Le premier consiste à placer les populations, en particulier les groupes les plus vulnérables, au centre des politiques de développement. L’expérience vietnamienne montre qu’un développement centré sur l’humain doit se traduire par des politiques concrètes de réduction de la pauvreté, d’amélioration de l’accès aux services essentiels, de renforcement de la protection sociale et de développement de l’éducation et de la santé.
Le deuxième enseignement est qu’un pays ne doit pas nécessairement choisir un objectif unique ou suivre une trajectoire de développement linéaire.

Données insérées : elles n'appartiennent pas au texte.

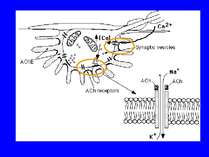 • Mięsień niedojrzały: ACh. R (płodowy) równomiernie rozłożony wzdłuż błony mięśniowej z gęstością 1000/mm 2 (Bevan, Steinbach 1977) • dojrzała synapsa: gęstość ACh. R >10 000 /mm 2, ok. 10/mm 2 poza synapsą (Merlie, Sanes 1985)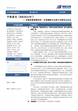 [个股研究]920263_环保政策持续利好,打造钢铁行业烟气治理龙头企业(银创产业通www.chanyetong.net)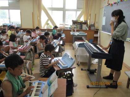 子供たちは、どうやったらひけるかな…と、指の動かし方を工夫しながら、かえるの歌を演奏していました。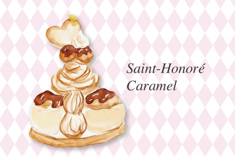 サクサクのアーモンドサブレにキャラメルクリームをたっぷり詰めたシュークリームを重ね、ヘーゼルナッツやミルクチョコレートで飾りました。甘さの中にキャラメルのほろ苦さがアクセント。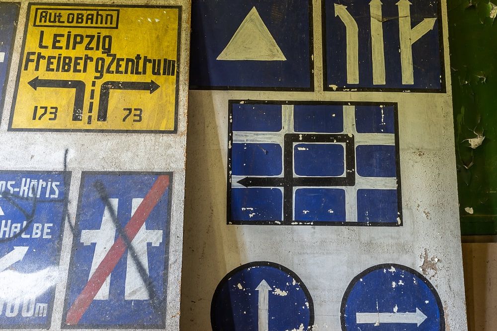 Überbleibsel einer Verkehrsschule für ehemalige sowjetische Soldaten, die auf dem ehemaligen Flugplatz Rangsdorf bis 1994 stationiert waren. Grosse Tafeln mit typischen deutschen verkehrssschildern, damit sich die sowjetischen Soldaten im DDR-Strassenverkehr  zurechtfinden konnten.
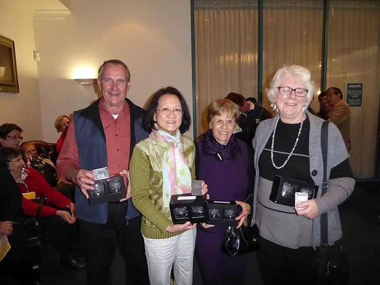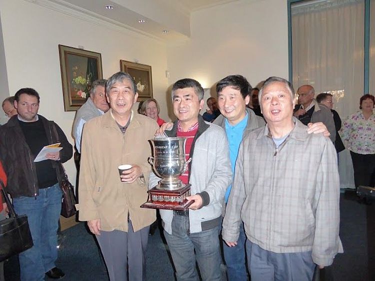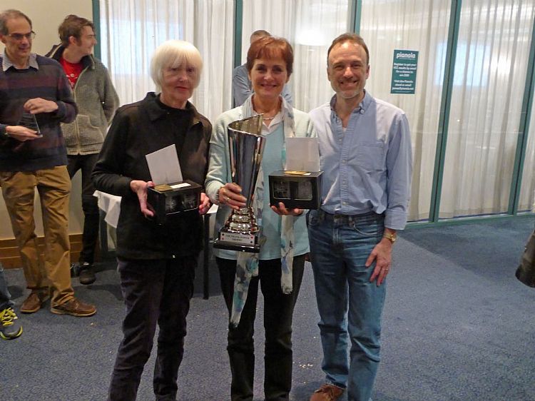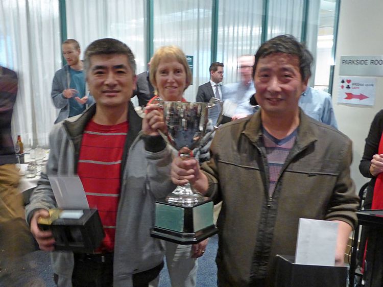Ming Zhang & Yao Lu (Winners Victor Muntz Restricted Pairs) with Kitty Muntz who presented the Victor Muntz Cup)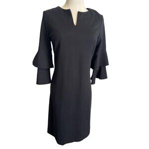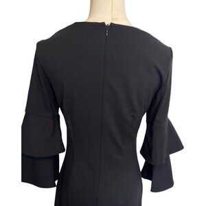black dress, bell sleeve dress, J.McLaughlin dress, women's XS dress, professional dress, elegant black dress, rayon blend dress, semi-formal dress, chic black dress, ruffle sleeve dress, stylish black dress, fitted dress, office wear, gala, date night, business function, dinner date, classy, sophisticated, corporate attire, artsy, pretty, modern elegance, romantic evening, Cocktail Dress, Evening Attire, Little Black Dress, LBD, Party Dress, Day to Night, Wedding Guest, Work Event, networking dress, excellent condition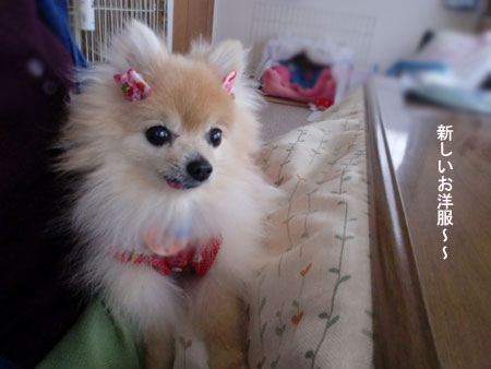 お家に戻ったらね、ママンがいちごに新しいお洋服を作ってくれたの。

Le Vietnam a montré qu’il était possible de renforcer simultanément les institutions et la gouvernance publique, de favoriser le développement du secteur privé, de promouvoir la croissance économique et de préserver la nature, les ressources et la biodiversité.
Concernant la réforme de l’ONU, elle a estimé qu’il fallait d’abord définir les résultats recherchés pour les populations avant de modifier les structures et les mécanismes de fonctionnement. Elle a notamment cité l’expérience vietnamienne du modèle "Delivering as One", lancé à titre pilote il y a une quinzaine d’années, qui visait à renforcer la cohérence et l’efficacité des activités des agences onusiennes au niveau national.

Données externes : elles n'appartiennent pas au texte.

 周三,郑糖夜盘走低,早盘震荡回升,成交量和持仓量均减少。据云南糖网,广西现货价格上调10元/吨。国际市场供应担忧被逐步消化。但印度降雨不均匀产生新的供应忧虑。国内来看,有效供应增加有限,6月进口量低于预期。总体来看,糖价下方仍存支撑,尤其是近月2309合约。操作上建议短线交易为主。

S’agissant des Objectifs de développement durable (ODD) à l’horizon 2030, elle a souligné le rôle essentiel des jeunes. L’Asie-Pacifique compte quelque 700 millions de personnes âgées de 16 à 24 ans, mais l’écart entre leurs aspirations croissantes et les possibilités réelles d’emploi et de développement risque d’alimenter la frustration et d’éroder la confiance.
Alors que le Vietnam entre dans une phase de vieillissement démographique, elle a appelé à adopter une approche fondée sur l’ensemble du cycle de vie, en garantissant à chacun l’accès aux opportunités.
Elle a notamment insisté sur la nécessité d’investir davantage dans la santé et de moderniser l’éducation pour répondre aux besoins des nouveaux emplois.
Le PNUD et l’ONU continueront à soutenir le Vietnam dans ses efforts de développement, tandis que le pays apportera à son tour son expérience, ses ressources, sa voix et une responsabilité croissante à la communauté internationale, a-t-elle conclu.